Por outro lado, o Comitê Gestor da Internet no Brasil (CGI.br) apontou, na TIC Kids Online Brasil 2017, que oito em cada dez crianças e adolescentes entre 9 e 17 anos navegam na internet com frequência, e que 76% usavam a rede para realizar trabalhos escolares. Já de acordo com a PNAD Contínua TIC 2017, do IBGE, o percentual de lares brasileiros com internet alcançou 74,9%, e a taxa de domicílios com ao menos um telefone celular chegou a 93,2%.

Esses dados servem para demonstrar que esperar que todas as escolas brasileiras sejam devidamente equipadas para só então implementarmos noções de educação midiática nos projetos pedagógicos não é uma opção viável. Se queremos uma sociedade mais ética, cidadã e responsável, precisamos começar agora - afinal, o tempo passa rápido, tudo muda velozmente e os estudantes não podem ser negligenciados. Ainda que eles não tenham contato com algum tipo de tecnologia digital nas aulas, fora delas eles estarão expostos ao turbilhão de informações e conteúdos típicos do momento em que estamos vivendo. 

A própria etimologia da palavra “tecnologia” nos indica isso: ela é uma junção dos termos gregos “tekhne”, que significa técnica, arte ou ofício, e “logos”, que pode ser interpretado como “conjunto dos saberes”. A educação midiática nada mais é do que um conjunto de saberes que pressupõem adotar uma postura reflexiva diante de todas as informações que recebemos, das imagens que vemos, das embalagens de produtos que consumimos, entre outros - por isso não é algo só ligado ao digital.

E o professor, como fica diante desse contexto? Sabemos que as dificuldades são muitas, e ultrapassam a falta de recursos. Mas as possibilidades também são variadas. Um depoimento do professor Renato Hendrigo, que participou em setembro da primeira formação de multiplicadores do EducaMídia, programa de educação midiática do Instituto Palavra Aberta, é um bom exemplo. A escola onde ele leciona, em Goiânia (GO), fica na periferia, não tem computadores ou acesso à internet, e os alunos não têm celular ou não são autorizados a levá-lo para a sala de aula. Mesmo assim, dias após o encontro, ele desenvolveu uma atividade com a turma que consistia em utilizar mensagens que estavam circulando em grupos de Whatsapp. Os textos foram impressos e colados em cartolinas, e os educandos deveriam avaliar se as informações eram verdadeiras ou falsas. Isto é: de uma maneira completamente analógica, o educador conseguiu fazê-los refletir sobre a disseminação de informação. 

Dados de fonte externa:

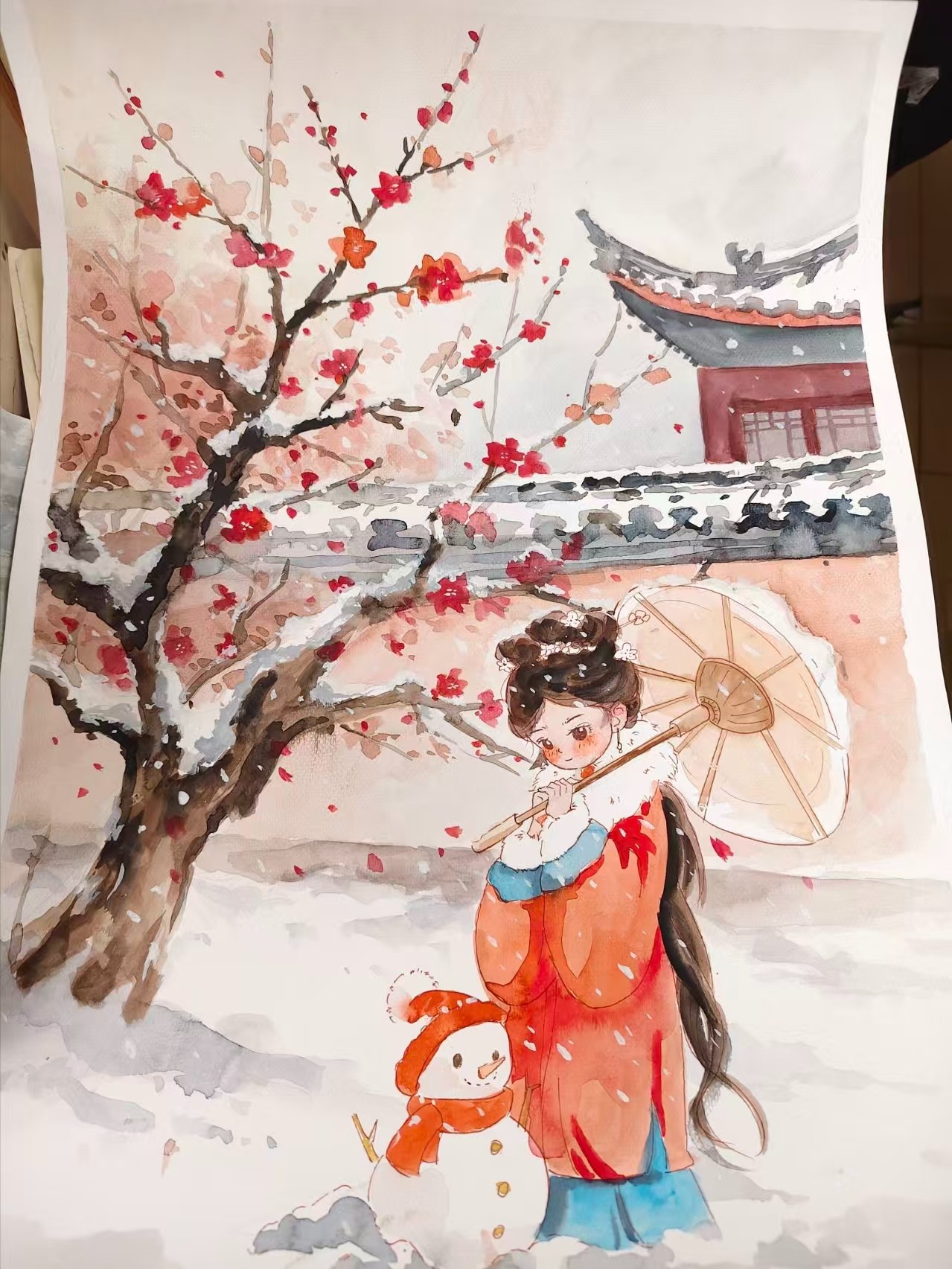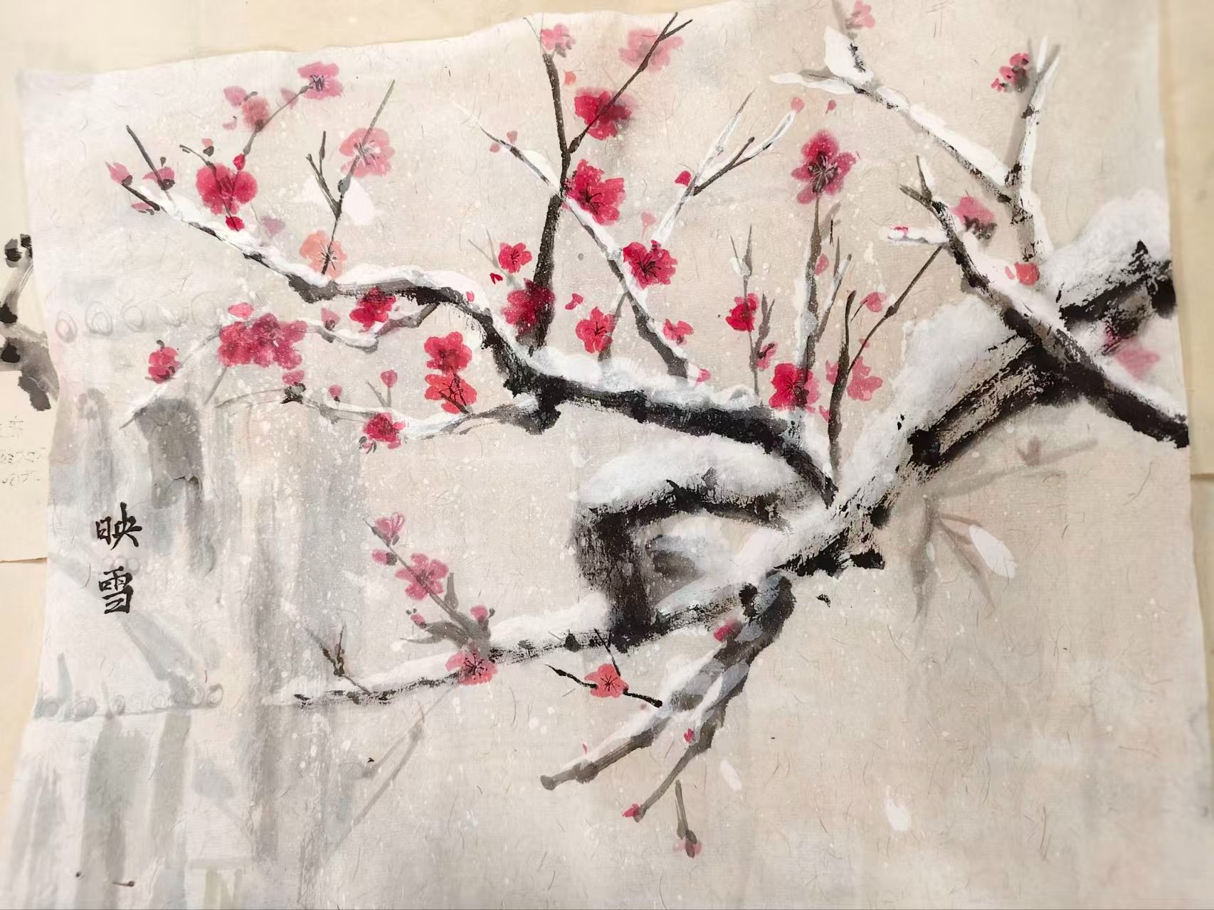 本次比赛以冬日意象为创作主线,巧妙融合“寒梅傲雪”的坚韧品格与“围炉夜话”的温情场景,旨在引导学生通过艺术表达感悟自然之美、生活之暖与文化之韵。活动现场气氛热烈,参赛学子全情投入,挥毫泼墨间尽显才情。有的作品以工笔细描寒梅凌霜斗雪之姿,枝干苍劲、雪花晶莹,彰显出不屈不挠的精神气质;有的聚焦家庭团聚、友人共话的温馨画面,笔触温暖细腻,洋溢着浓浓的人间烟火气;更有同学将传统水墨技法与现代视觉语言相融合,创造出虚实相生、意境悠远的艺术效果,充分展现了新时代大学生深厚的艺术功底与蓬勃的创新思维。

O próprio kit de cards desenvolvido pelo EducaMídia, como parte dos materiais gratuitos fornecidos pelo programa, também serve de exemplo. Os cartões objetivam justamente introduzir diversos temas atuais sem a necessidade de acesso à internet, e podem ser baixados e depois impressos para uso em sala de aula. Cada um traz um assunto contemporâneo, que faz parte do universo dos jovens - como discurso de ódio, influenciadores digitais e bolha informacional, para citar alguns -, juntamente a perguntas disparadoras de conversa para incentivar a discussão entre professores e turma. 

Essas são apenas algumas ideias práticas entre várias outras que já acontecem nas salas de aulas Brasil afora. Os educadores precisam ter em mente que os jovens podem entender bem o funcionamento das redes sociais e dos aparelhos digitais, pouco sabem, porém, sobre as possibilidades, efeitos e impactos que eles têm nas suas vidas. O papel dos docentes é justamente apoiar e orientar seus estudantes nessa trilha de aprendizados.

A educação midiática não é uma questão de informatizar processos, e sim de de humanizá-los, empoderando crianças e jovens para que sejam autônomos na cultura digital. É uma missão e tanto, mas que só pode ser desempenhada pelos professores e educadores de todas as redes de ensino do País.